The “definite” and “possible” diagnostic categories criteria were clearly modeled after the definition of VWD as an autosomal dominant bleeding disorder due to the reduction of circulating VWF. Although these criteria may provide a common diagnostic background, they also have several weaknesses. First, the definition for “a significant bleeding history” is uncertain, since the high frequency of bleeding symptoms reported in healthy controls challenges the idea that a bleeding disorder should be sought in every subject referring some. For instance, profuse menstrual bleeding has been reported to occur at least once during the fertile period in up to 44% of women; epistaxis in 5-36% of children; and at least one hemorrhagic symptom is reported by 40-50% of men and 50-60% of women.[3-7] Such figures were recently confirmed in a very large investigation (n=500) on the prevalence of bleeding symptoms, in which menorrhagia was reported by 47% of women, epistaxis by 25%, easy bruising by 18%, and prolonged bleeding after tooth extraction by 18% of the whole sample.[8]

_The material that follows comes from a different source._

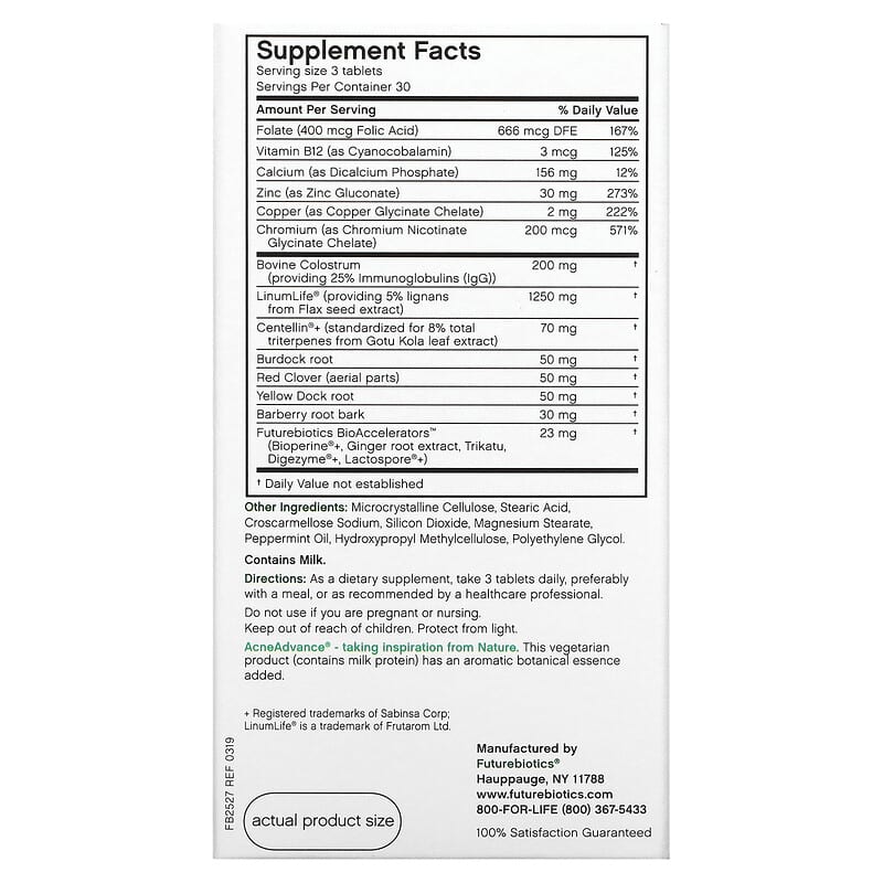 Futurebiotics Acne Advance with Colostrum 90 Vegetarian Tablets chính hãng

Second, incomplete penetrance and variable expressivity due to environmental (e.g., age, stress, pregnancy, menstruation, drugs) or epigenetic (e.g., ABO blood group) factors may significantly interfere with the laboratory diagnosis of type 1 VWD patients.[9] Finally, these provisional have never been validated and their sensitivity and specificity in a clinical setting remain unknown.

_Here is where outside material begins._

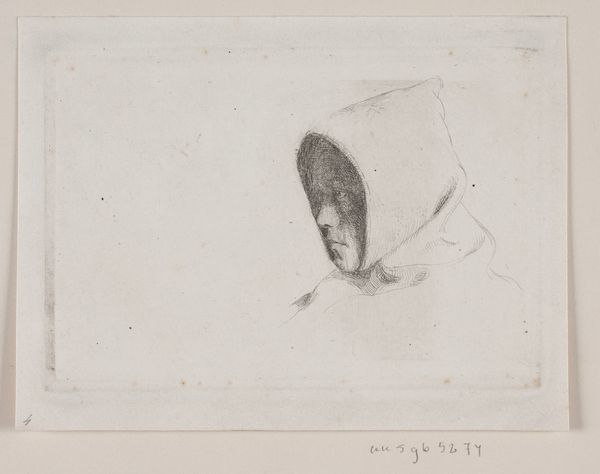 Curator: Hello, and welcome. Here we have Carl Bloch's "Den leende Munk", or "The Smiling Monk," from 1884. It is currently held at the SMK, the National Gallery of Denmark. It's an etching, which gives it a delicate, intimate feel. Editor: My goodness, what a charmer! It's small, isn't it? And he looks like he knows a secret, a really good one. I can't help smiling back. He has such a kind face, not at all what you'd expect, stereotypically at least, from depictions of monks. Curator: Bloch often engaged with religious subject matter but this one does depart from more devotional works. Prints such as this one gained popularity as ways for middle-class individuals to possess images they found intriguing or touching; allowing people to build a sense of community by circulating artwork with a human element. Editor: It is incredibly approachable. The technique too. I’m really drawn in to that quick, almost sketch-like quality. You can feel his hand moving across the plate, figuring out just the right angle of that hood. Look at those subtle lines around his eyes, catching the light and animating his smile, and the textures suggesting folds of his habit. It's a portrait, but somehow it also captures a fleeting moment. I love that! Curator: Absolutely. Bloch had extensive training in technique which he adapted for diverse functions; he’s most widely celebrated for paintings in churches, yet clearly delighted in producing prints for domestic display. He also made genre-paintings and historical works, and portraits, showing a true interest in contemporary tastes and opportunities. The placement on the paper itself is worth noting: such a relatively small figure against such a stark, generous backdrop is quite arresting. Editor: The print's minimalism certainly adds to that sense of peacefulness, or contained glee! Makes me think of someone trying not to laugh out loud during a sermon, that mischievous feeling we all get sometimes! You almost feel conspiratorial in beholding that very individual emotion. Curator: He’s relatable despite his monastic life, I would say, appealing across centuries and beliefs to anyone able to enjoy simple pleasures. Thank you for joining me to explore his legacy in art. Editor: Indeed. It’s the sort of artwork you could imagine living with and coming back to time and again to cheer yourself up! It's a great choice and highlights that it's always worth making time for quiet observation.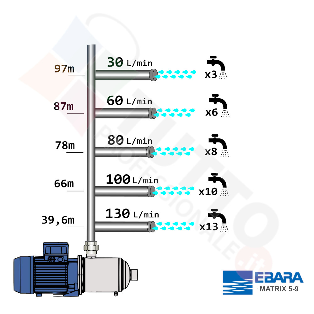Questa elettropompa serve a spingere l’acqua nell’impianto idrico. La pompa è realizzata da Ebara, una delle aziende leader nella produzione di elettropompe. Il modello MATRIX 5-9T/2,2M è un’elettropompa di superficie appartenente alla famiglia delle pompe centrifughe multistadio. L’autoclave in questione grazie alla sua estrema affidabilità trova ottimo impiego per uso domestico, utile quindi per aumentare la pressione dell’acqua della vostra casa o altra abitazione. Risulta indicata anche per il giardinaggio e quindi per irrigazione di orti, giardini, serre, prati ed altre applicazioni simili. Ottima per utilizzi industriali e quindi sottoposte a continuo utilizzo.

In this brief review, we will therefore focus on the role of bleeding history in the diagnosis of VWD, as apparent from recent studies.

Bleeding history and laboratory data for the diagnosis of VWD
The process of VWD diagnosis (or, in a wider context, the evaluation of a possible mild bleeding disorder) may start either from the clinical assessment of a subject referred for bleeding symptoms (i.e., a symptom-driven diagnosis) or from the laboratory study of an abnormal laboratory test (i.e., a laboratory-driven diagnosis, such as in a preoperative screening).[10] The laboratory-driven diagnosis is often unsatisfactory, because of the poor correlation between plasma VWF levels and severity of bleeding symptoms, resulting in a scarce predictive value of VWF measurement. In fact, even assuming in the general population a VWD prevalence as high as 1%,[11] plasma VWF levels below 20 IU/dL would be required to diagnose VWD based on laboratory data alone.[12,13] Therefore, laboratory measurement of VWF levels in unselected patients is not effective, further confirming the notion that preoperative screening tests are of minimal value in the prediction of post-surgical bleeding.[14]
The proper evaluation of the bleeding symptoms referred by the patient is therefore the cornerstone of a meaningful, symptom-driven diagnosis. Several investigators have described the use of bleeding questionnaires, mainly for the purpose of predicting bleeding before surgery,[15,16] but only recently there have been some efforts to quantitatively describe the severity of a mild bleeding disorder and use bleeding severity as a tool for diagnosis.[17,18] The quantitative assessment of bleeding symptoms is a two-sided process, first requiring collection of the bleeding history and then the interpretation of data using pre-established criteria.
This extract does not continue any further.